---------- Source records

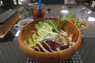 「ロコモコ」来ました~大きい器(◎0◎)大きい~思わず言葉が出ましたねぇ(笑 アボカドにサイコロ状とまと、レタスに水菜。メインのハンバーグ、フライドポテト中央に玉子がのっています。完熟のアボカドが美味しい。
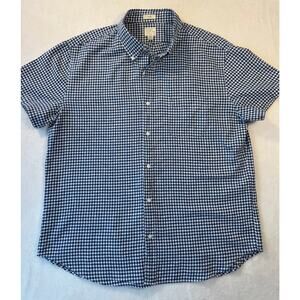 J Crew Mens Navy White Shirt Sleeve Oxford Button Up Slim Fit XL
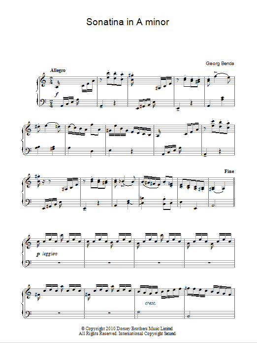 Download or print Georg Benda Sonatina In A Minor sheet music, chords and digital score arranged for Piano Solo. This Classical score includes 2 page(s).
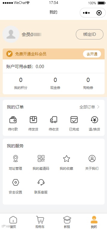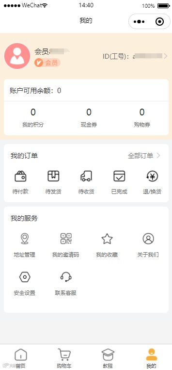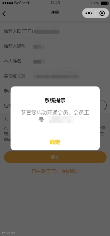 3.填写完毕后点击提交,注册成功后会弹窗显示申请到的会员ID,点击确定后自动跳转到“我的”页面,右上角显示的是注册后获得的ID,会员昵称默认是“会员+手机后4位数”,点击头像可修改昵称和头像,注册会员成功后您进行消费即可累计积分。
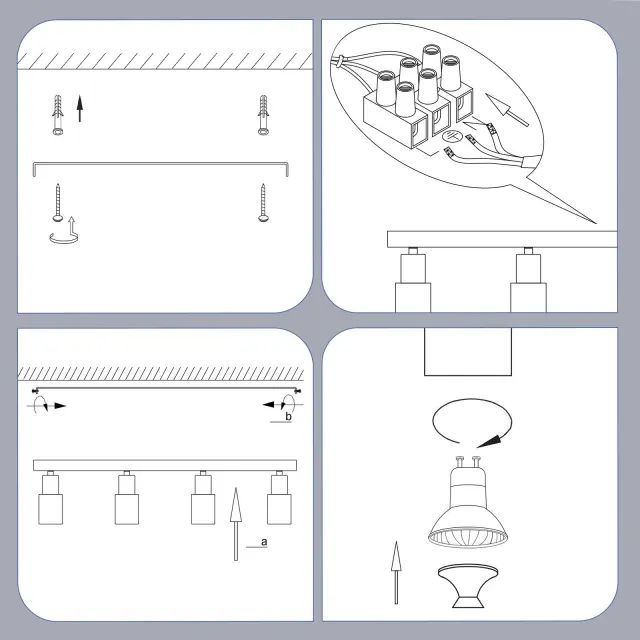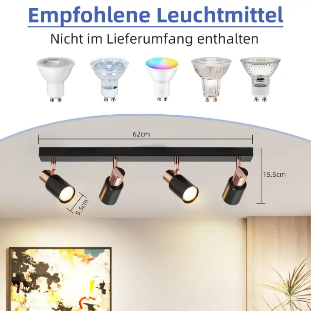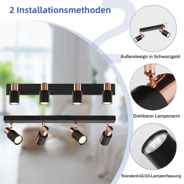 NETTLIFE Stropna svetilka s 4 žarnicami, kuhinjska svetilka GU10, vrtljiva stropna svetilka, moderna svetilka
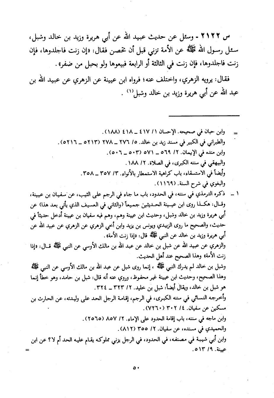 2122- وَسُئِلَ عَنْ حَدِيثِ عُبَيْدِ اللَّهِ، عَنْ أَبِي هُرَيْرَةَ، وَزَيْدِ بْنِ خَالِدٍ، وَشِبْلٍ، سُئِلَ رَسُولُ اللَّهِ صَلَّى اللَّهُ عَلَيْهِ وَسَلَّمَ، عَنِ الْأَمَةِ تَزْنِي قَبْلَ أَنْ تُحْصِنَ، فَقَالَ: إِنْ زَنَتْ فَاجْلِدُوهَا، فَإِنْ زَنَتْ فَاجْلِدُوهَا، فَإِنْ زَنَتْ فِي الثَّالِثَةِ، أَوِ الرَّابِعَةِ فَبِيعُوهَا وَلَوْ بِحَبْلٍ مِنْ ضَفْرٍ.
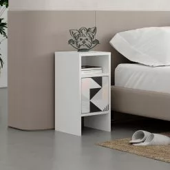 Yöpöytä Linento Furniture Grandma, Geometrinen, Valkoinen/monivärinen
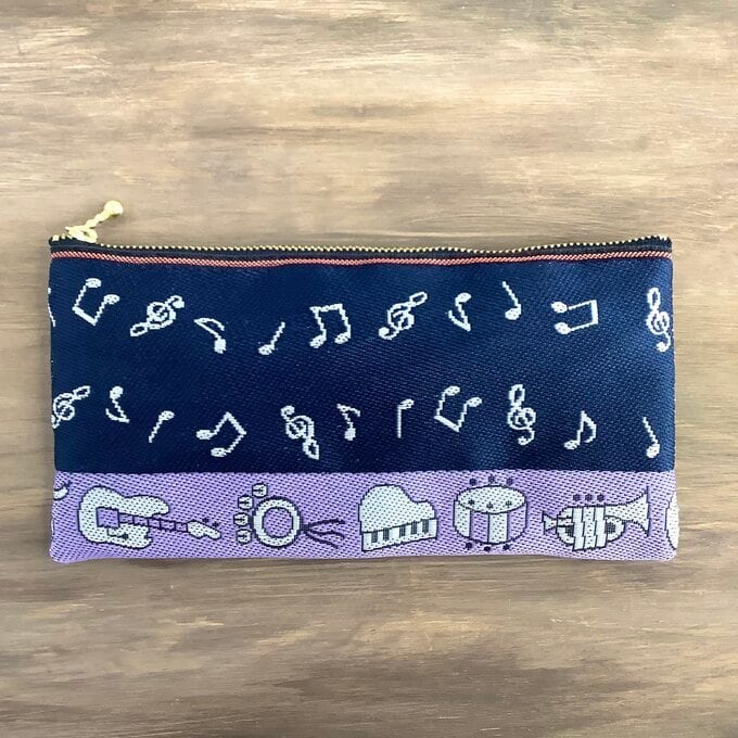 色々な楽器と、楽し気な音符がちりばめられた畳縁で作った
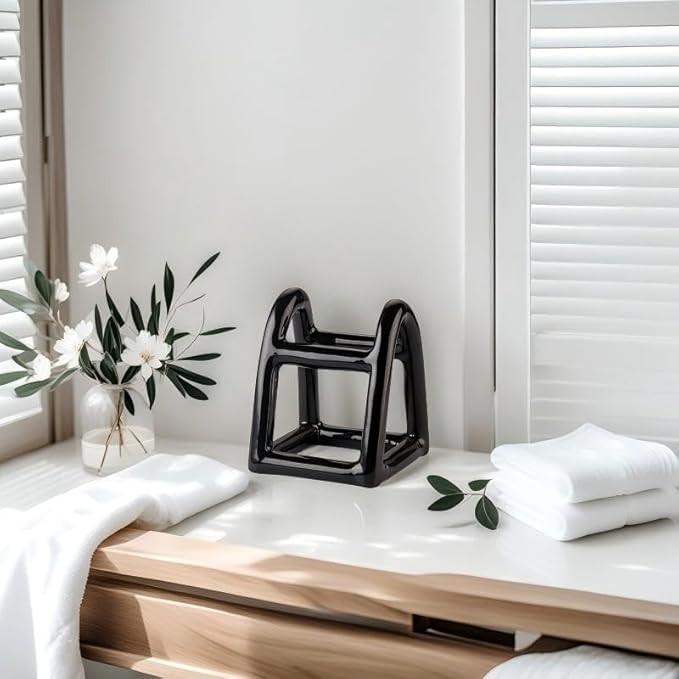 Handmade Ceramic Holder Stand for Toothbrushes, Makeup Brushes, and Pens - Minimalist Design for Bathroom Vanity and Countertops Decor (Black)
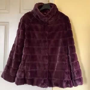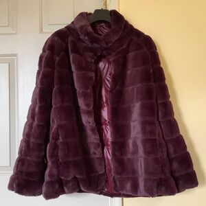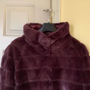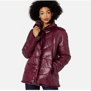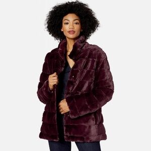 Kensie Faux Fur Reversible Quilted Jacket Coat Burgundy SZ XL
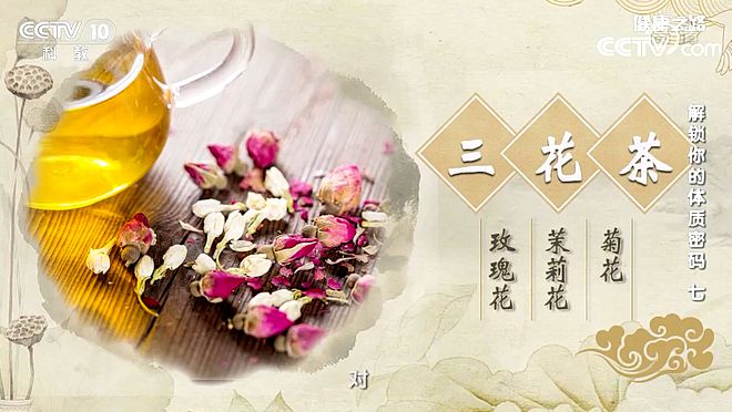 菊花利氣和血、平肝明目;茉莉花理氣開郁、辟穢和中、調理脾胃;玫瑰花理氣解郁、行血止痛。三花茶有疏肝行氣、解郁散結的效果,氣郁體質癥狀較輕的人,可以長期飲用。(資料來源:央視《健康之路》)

--------------------
---------- Source records

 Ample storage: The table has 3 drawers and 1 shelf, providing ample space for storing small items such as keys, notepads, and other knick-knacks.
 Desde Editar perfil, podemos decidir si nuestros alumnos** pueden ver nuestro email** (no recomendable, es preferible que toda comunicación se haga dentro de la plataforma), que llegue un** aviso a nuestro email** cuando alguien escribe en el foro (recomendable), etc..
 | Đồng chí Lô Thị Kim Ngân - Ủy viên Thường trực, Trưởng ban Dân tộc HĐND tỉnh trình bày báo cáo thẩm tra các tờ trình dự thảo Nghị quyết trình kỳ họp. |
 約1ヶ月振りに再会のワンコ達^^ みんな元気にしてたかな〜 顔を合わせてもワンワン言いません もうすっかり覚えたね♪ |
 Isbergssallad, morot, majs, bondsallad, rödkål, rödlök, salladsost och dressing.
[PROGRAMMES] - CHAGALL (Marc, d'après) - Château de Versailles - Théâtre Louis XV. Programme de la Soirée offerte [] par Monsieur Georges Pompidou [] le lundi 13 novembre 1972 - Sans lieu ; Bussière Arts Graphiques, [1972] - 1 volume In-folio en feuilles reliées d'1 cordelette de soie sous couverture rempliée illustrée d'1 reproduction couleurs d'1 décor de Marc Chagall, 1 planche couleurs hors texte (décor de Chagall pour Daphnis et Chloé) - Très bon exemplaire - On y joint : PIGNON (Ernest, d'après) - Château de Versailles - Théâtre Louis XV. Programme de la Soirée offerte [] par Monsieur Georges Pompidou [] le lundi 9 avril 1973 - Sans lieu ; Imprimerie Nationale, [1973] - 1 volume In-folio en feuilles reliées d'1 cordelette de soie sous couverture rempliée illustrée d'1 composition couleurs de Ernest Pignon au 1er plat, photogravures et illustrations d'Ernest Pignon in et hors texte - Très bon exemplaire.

--------------------
---------- Source records

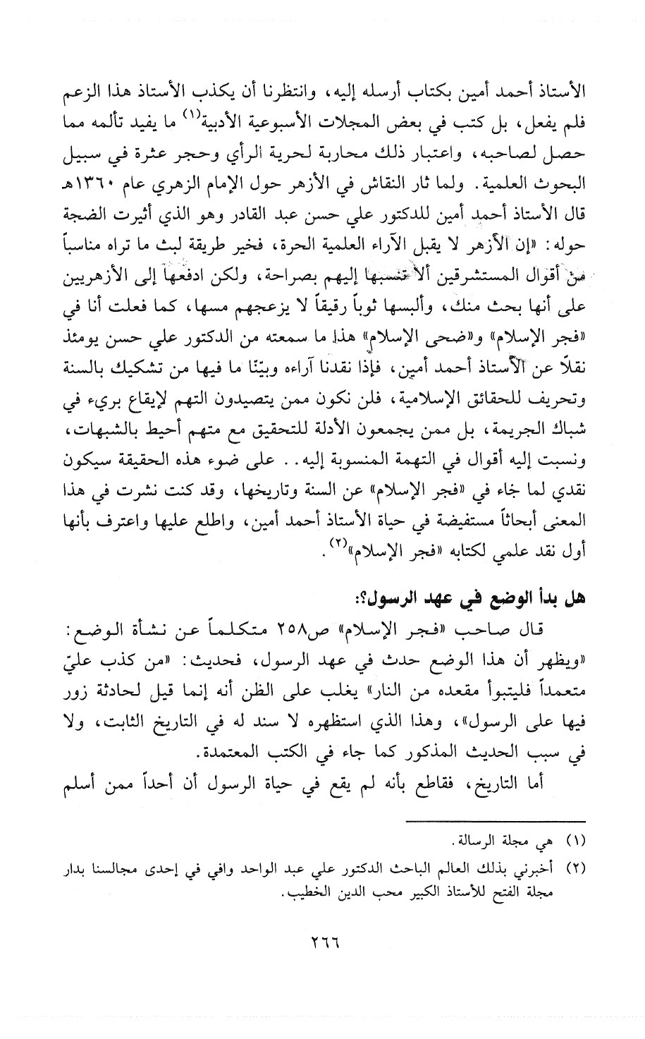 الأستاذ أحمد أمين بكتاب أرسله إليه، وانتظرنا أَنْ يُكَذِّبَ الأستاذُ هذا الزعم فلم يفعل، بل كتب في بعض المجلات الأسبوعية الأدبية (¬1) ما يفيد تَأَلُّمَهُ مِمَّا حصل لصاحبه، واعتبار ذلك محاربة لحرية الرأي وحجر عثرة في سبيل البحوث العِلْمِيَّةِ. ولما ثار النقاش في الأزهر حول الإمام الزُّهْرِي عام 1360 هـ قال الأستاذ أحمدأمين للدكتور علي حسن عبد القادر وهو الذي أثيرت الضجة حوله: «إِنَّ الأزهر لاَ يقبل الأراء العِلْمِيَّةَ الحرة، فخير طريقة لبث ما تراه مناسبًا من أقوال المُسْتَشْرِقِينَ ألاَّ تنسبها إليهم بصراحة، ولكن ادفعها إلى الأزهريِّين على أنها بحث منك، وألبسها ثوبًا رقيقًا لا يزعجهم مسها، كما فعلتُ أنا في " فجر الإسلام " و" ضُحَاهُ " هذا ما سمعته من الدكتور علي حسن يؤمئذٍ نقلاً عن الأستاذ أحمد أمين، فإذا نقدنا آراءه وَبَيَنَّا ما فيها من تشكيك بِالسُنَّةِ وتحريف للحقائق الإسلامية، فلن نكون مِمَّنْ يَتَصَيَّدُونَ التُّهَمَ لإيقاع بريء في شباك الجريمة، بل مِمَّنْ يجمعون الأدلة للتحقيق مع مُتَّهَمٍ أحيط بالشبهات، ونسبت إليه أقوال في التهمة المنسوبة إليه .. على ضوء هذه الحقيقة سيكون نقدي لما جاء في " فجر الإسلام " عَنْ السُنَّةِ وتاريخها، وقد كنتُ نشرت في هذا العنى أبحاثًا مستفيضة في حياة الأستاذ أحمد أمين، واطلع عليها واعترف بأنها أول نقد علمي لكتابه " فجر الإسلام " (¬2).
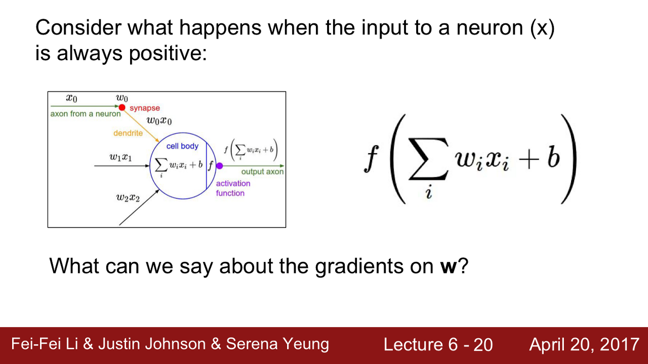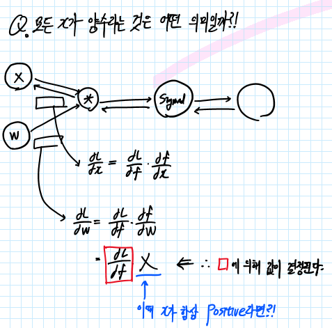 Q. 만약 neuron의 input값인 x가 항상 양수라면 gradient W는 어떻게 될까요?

--------------------

# Work task
Each line above that falls between the line with "2122- وَسُئِلَ عَنْ" and the line with "菊花利氣和血、平肝明目;茉莉" should be printed exactly, together with those two lines, but the pictures should not.

# Task response
 2122- وَسُئِلَ عَنْ حَدِيثِ عُبَيْدِ اللَّهِ، عَنْ أَبِي هُرَيْرَةَ، وَزَيْدِ بْنِ خَالِدٍ، وَشِبْلٍ، سُئِلَ رَسُولُ اللَّهِ صَلَّى اللَّهُ عَلَيْهِ وَسَلَّمَ، عَنِ الْأَمَةِ تَزْنِي قَبْلَ أَنْ تُحْصِنَ، فَقَالَ: إِنْ زَنَتْ فَاجْلِدُوهَا، فَإِنْ زَنَتْ فَاجْلِدُوهَا، فَإِنْ زَنَتْ فِي الثَّالِثَةِ، أَوِ الرَّابِعَةِ فَبِيعُوهَا وَلَوْ بِحَبْلٍ مِنْ ضَفْرٍ.
 Yöpöytä Linento Furniture Grandma, Geometrinen, Valkoinen/monivärinen
 色々な楽器と、楽し気な音符がちりばめられた畳縁で作った
 Handmade Ceramic Holder Stand for Toothbrushes, Makeup Brushes, and Pens - Minimalist Design for Bathroom Vanity and Countertops Decor (Black)
 Kensie Faux Fur Reversible Quilted Jacket Coat Burgundy SZ XL
 菊花利氣和血、平肝明目;茉莉花理氣開郁、辟穢和中、調理脾胃;玫瑰花理氣解郁、行血止痛。三花茶有疏肝行氣、解郁散結的效果,氣郁體質癥狀較輕的人,可以長期飲用。(資料來源:央視《健康之路》)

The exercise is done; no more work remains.